* **AIM OF THE TASK**
Images should be left out, and everything else in the listing reproduced exactly.

* **DATASET SECTION**
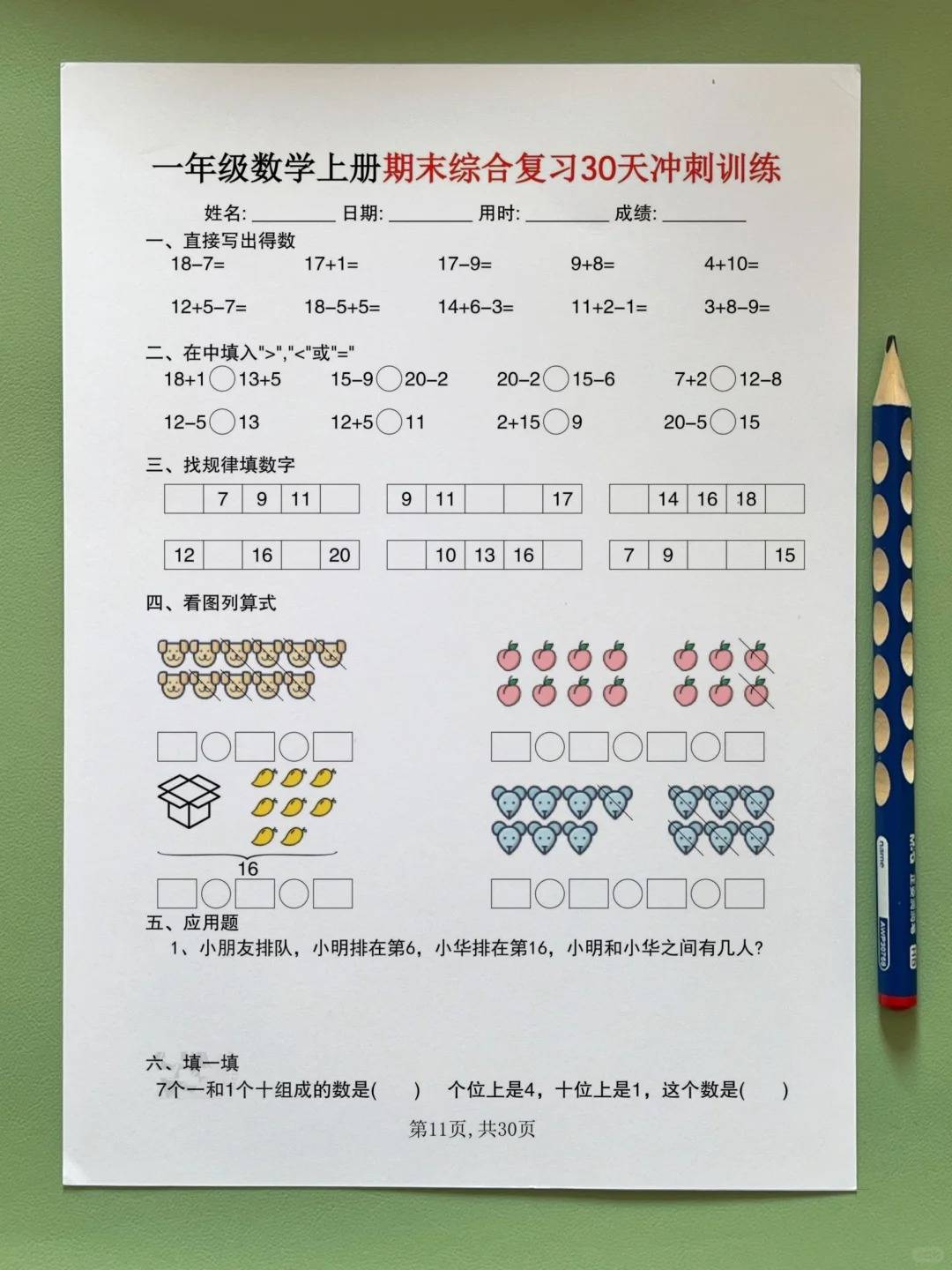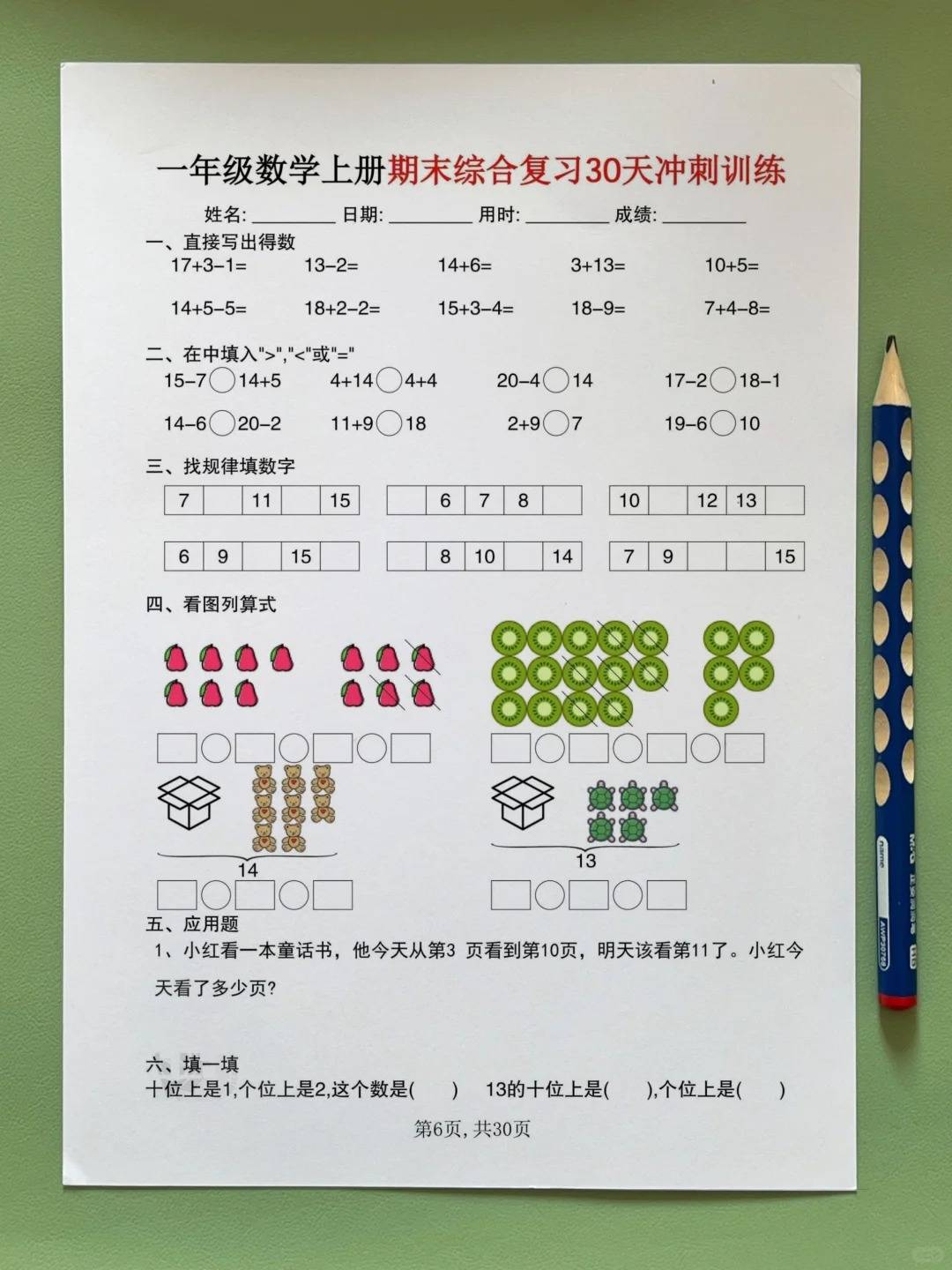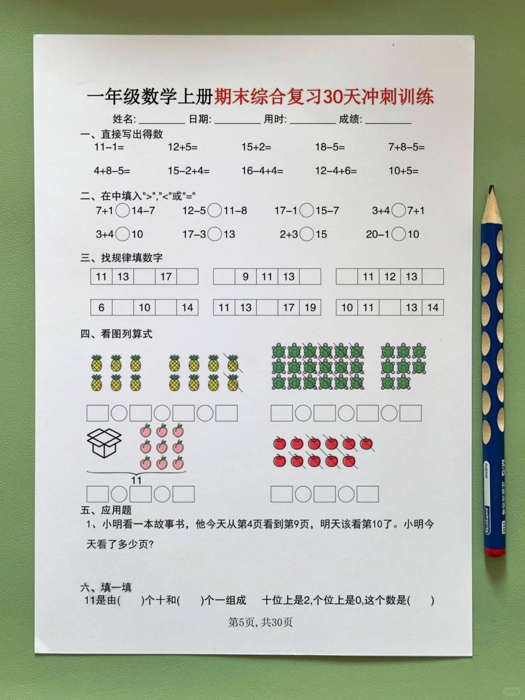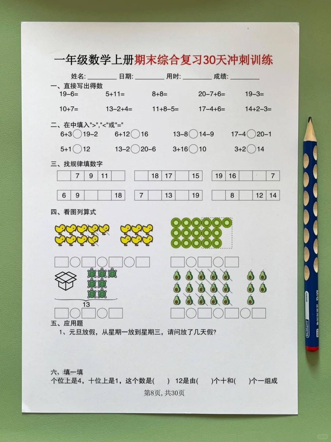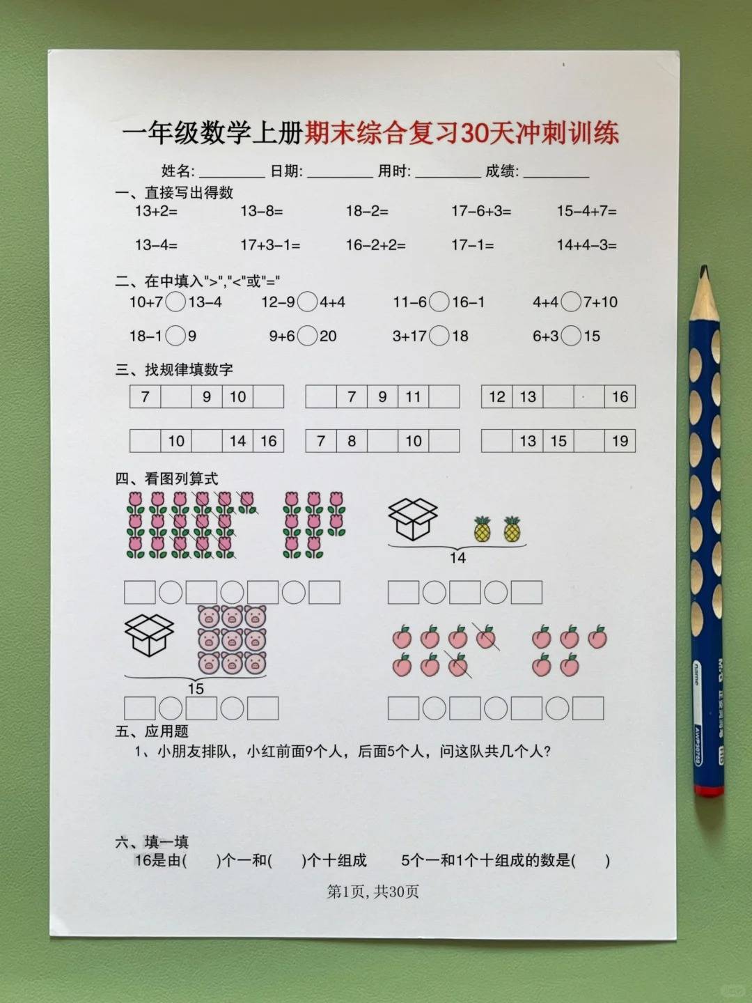 一年级数学期末想稳拿分,又怕孩子练得杂、抓不住重点?别慌!2025 秋小学一年级上册数学【30 天期末稳分训练】来啦!精准抓牢上册核心考点,每天 10 分钟轻量练习,帮孩子把基础打扎实,期末基础题不丢分!
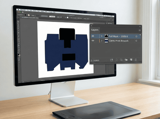 To prepare your file, create a separate, clearly labeled layer for the foil design. All elements on this "foil mask" layer must be 100% solid black and in vector format. This file tells the printer exactly where to apply the foil.
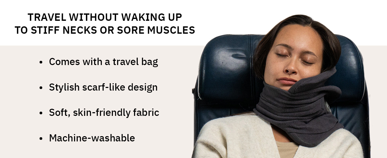 It’s incredibly easy to use: Undo the fastening, position the internal support comfortably against your neck, and wrap it like a scarf. For added versatility, you can also place it between your neck and seat for support while reading, watching movies, or relaxing during travel.

* **TASK ANSWER**
 一年级数学期末想稳拿分,又怕孩子练得杂、抓不住重点?别慌!2025 秋小学一年级上册数学【30 天期末稳分训练】来啦!精准抓牢上册核心考点,每天 10 分钟轻量练习,帮孩子把基础打扎实,期末基础题不丢分!
 To prepare your file, create a separate, clearly labeled layer for the foil design. All elements on this "foil mask" layer must be 100% solid black and in vector format. This file tells the printer exactly where to apply the foil.
 It’s incredibly easy to use: Undo the fastening, position the internal support comfortably against your neck, and wrap it like a scarf. For added versatility, you can also place it between your neck and seat for support while reading, watching movies, or relaxing during travel.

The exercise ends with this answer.